Murphy showed a floor plan that included an elaborate display in the building's center atrium, which is expanded with a glass enclosure on the north side.

The display has been billed as the Heritage Squadron -- a collection of seven quarter-sized models of the airplanes the 4th Fighter Wing has flown since its Eagle Squadron days during World War II.

An option for two half-sized models of the F-15E and one of its predecessors was scrapped by the committee during its breakout session earlier in the day, but Kasey is wondering about the B-52s he remembers from his 20-year stint in the Air Force that ended when he retired from Seymour Johnson.

"Is it just the 4th?" he asked, reminding Murphy that there were other planes and wings in the base's history.

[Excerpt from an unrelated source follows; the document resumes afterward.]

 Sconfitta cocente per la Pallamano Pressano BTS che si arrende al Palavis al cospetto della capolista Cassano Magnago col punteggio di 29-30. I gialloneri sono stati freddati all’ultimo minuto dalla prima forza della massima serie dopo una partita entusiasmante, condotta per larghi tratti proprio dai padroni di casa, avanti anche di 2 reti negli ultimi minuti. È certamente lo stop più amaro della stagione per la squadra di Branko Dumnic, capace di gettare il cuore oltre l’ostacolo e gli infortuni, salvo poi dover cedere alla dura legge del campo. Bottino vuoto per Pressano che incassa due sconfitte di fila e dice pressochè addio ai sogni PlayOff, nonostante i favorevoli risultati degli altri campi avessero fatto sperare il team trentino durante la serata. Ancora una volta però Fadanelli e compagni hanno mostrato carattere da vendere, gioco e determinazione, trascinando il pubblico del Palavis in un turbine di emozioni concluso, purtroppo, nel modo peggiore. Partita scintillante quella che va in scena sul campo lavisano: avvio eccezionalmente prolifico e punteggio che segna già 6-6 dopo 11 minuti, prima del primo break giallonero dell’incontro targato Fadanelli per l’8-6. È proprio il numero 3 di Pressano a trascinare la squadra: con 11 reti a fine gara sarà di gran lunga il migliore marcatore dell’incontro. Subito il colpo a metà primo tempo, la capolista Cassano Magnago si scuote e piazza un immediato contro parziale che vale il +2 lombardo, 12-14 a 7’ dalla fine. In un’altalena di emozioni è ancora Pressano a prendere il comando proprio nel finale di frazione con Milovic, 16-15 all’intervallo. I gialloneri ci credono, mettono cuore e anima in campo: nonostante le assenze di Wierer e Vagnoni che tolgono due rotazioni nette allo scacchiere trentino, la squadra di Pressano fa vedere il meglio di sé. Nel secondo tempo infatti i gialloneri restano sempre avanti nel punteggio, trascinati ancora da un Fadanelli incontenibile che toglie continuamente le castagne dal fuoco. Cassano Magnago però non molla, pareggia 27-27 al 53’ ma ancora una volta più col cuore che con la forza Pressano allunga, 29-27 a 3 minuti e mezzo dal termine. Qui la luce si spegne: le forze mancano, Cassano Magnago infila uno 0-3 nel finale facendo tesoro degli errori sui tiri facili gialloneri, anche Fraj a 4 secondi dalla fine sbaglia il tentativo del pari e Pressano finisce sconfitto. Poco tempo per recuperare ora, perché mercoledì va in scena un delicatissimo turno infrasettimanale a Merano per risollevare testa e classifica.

"Yes sir, you're right," Murphy said, to which Kasey had a short, affable reply.

"I know."

Those at the meeting chuckled before Murphy addressed what those in the committee meeting hours before had learned: The museum will focus on the 4th Fighter Wing.

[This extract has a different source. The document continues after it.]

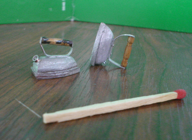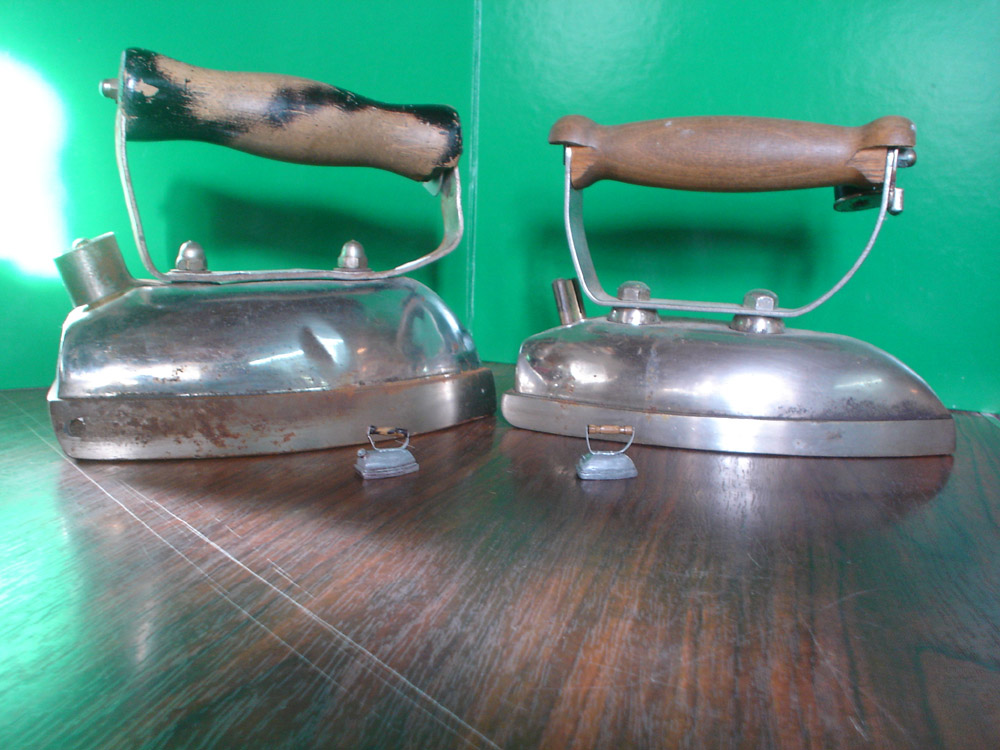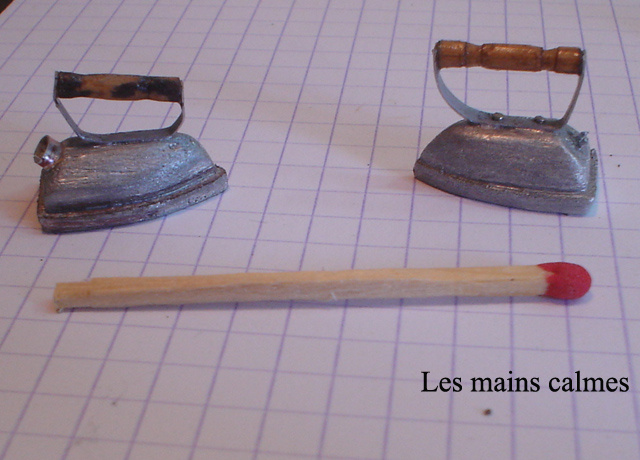 d'anciens fers à repasser recyclés en poids. A l'échelle

"We certainly are prioritizing the 4th and, to some extent, the 916th, because they are here now," Murphy said, referring to the plans for a quarter-sized steel frame of a KC-135 Stratotanker to be suspended above the Heritage Squadron, dwarfing the fighter jets.

Kasey's wife, Fran, expressed concern at the renderings, which show the drive-thru of the building after it has been converted into an entrance. She said she likes that front and wishes it could be facing Ash Street.

"This way, it will always look like First Savings and Loan," she said of the rendering showing the north side of the building, harkening back to the building's decades as a bank before it was purchased by the Arts Council of Wayne County and, later, the city of Goldsboro.

Mrs. Kasey turned her next question to Roy Heidicker, the 4th Fighter Wing's historian.

She asked about funding and how the base was involved, but learned neither Seymour Johnson nor the National Air Force Museum would be contributing financially or to assist with staffing the museum.

If anything, the national museum is drawing back its operations, he said, due to deep cuts at the federal level.

"That's what a lot of people think," Mrs. Kasey said, concerning the Air Force's involvement with the project, which Heidicker revealed was independent and would need to be completely funded by the city, county and other entities.

But the county still hadn't been formally involved in the project as of Monday, where, at the Goldsboro City Council meeting, District 2 Councilman Bob Waller asked about the other government entity city officials have continually said was vital to the museum project's success.

Waller was told that the county commissioners had been invited to attend the community forums, but they were not among those gathered at either meeting this week.